3 Simple Steps to Improve Ankle Mobility for Squats

The squat is a foundational movement in many fitness routines, but achieving proper squat depth requires adequate ankle mobility. To maintain balance during the squat, your knees need to travel forward beyond your toes. When ankle mobility is restricted, however, this becomes a challenge, causing compensations that can lead to improper form and potential injury.

A common problem many people face during squats is restricted ankle dorsiflexion (the ability to move the top of the foot upward toward the shin). If this range of motion is limited, you might find yourself tipping backward at the bottom of your squat. This puts your body out of alignment, and your instinct will be to lean forward to prevent yourself from falling.
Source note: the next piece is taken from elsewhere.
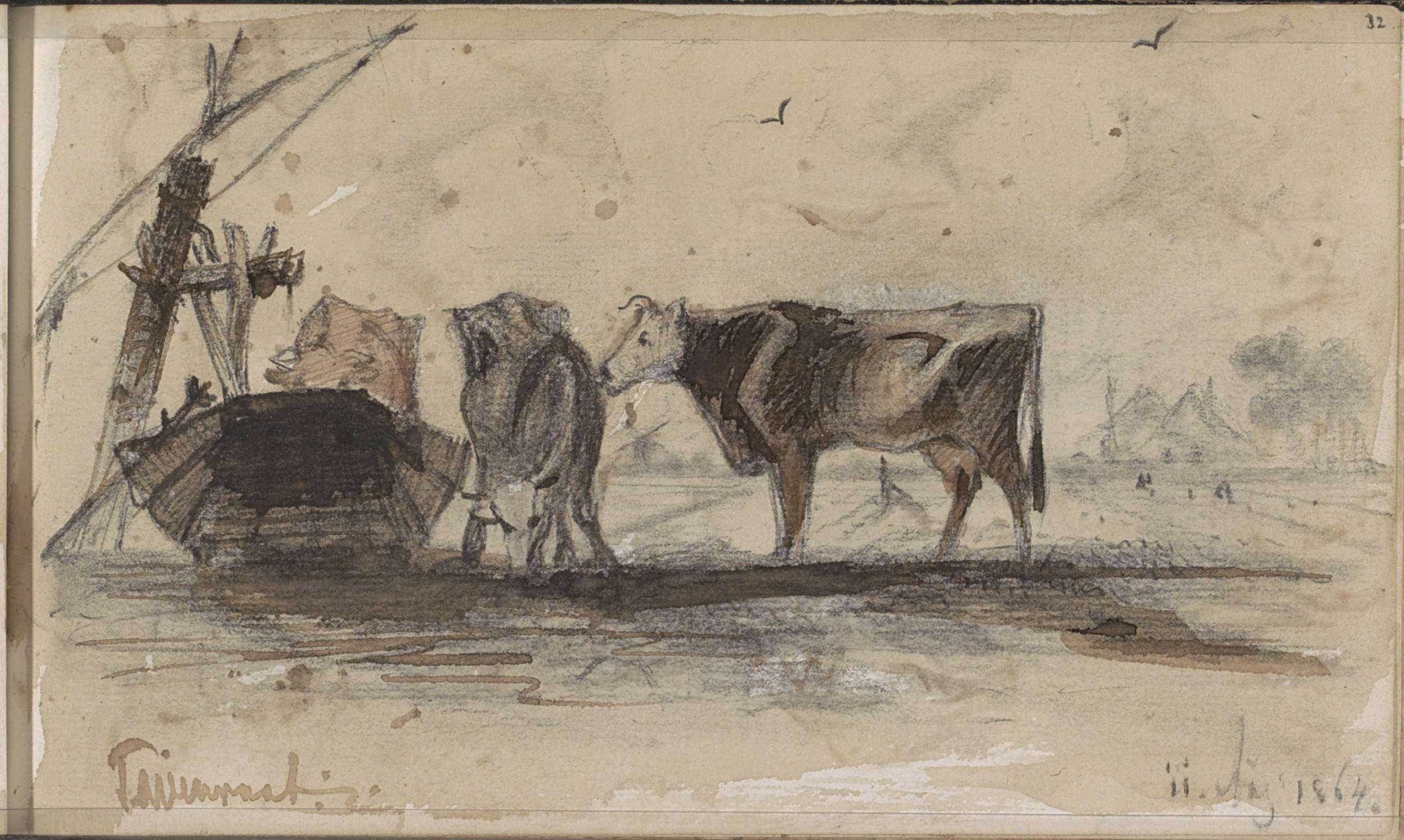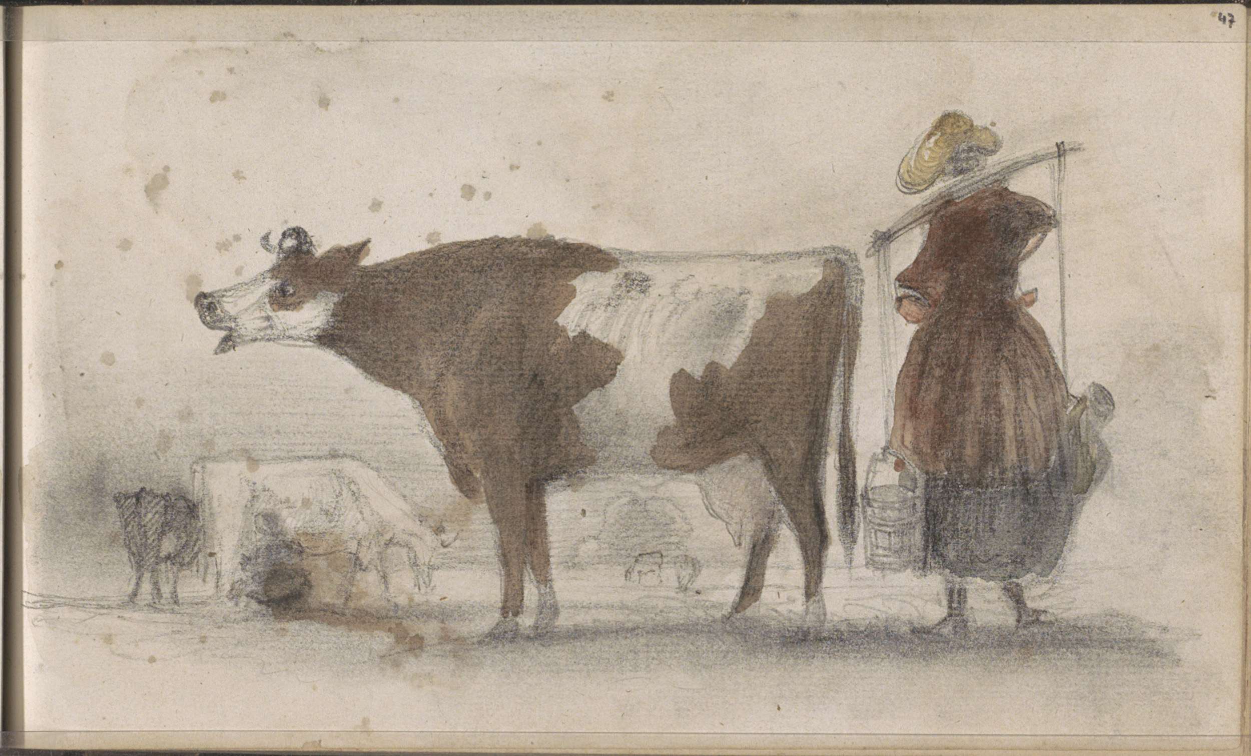 Weiland met koeien en een boerin met een juk

This forward lean may seem like a quick fix, but it places additional strain on your lower back, which isn’t ideal. This compensation could lead to discomfort or even injury over time.

So, what can you do to improve your squat while dealing with ankle mobility issues?

Step 1: Testing Ankle & Tibia Mobility

If you’re having trouble squatting deeply, it might be because your ankles or shins are tight. These areas can cause squat problems, but testing them can help you know where to focus.

Here’s a simple way to check your ankle and shinbone (tibia) mobility to improve your squat.

Check Ankle Mobility

    Ankle flexibility is important for a deep squat. If your ankles can’t bend enough, it makes squatting lower harder.

    • Feet Together Squat Test: Stand with your feet close together, facing forward. Squat down as low as you can. If your heels lift off the ground or you feel tightness in your ankles, your ankle mobility might be limited.
    • Elevated Heel Squat Test: To test further, try squatting with your heels raised on a small surface like a mat. If this makes it easier to squat deeper, your ankles need more flexibility.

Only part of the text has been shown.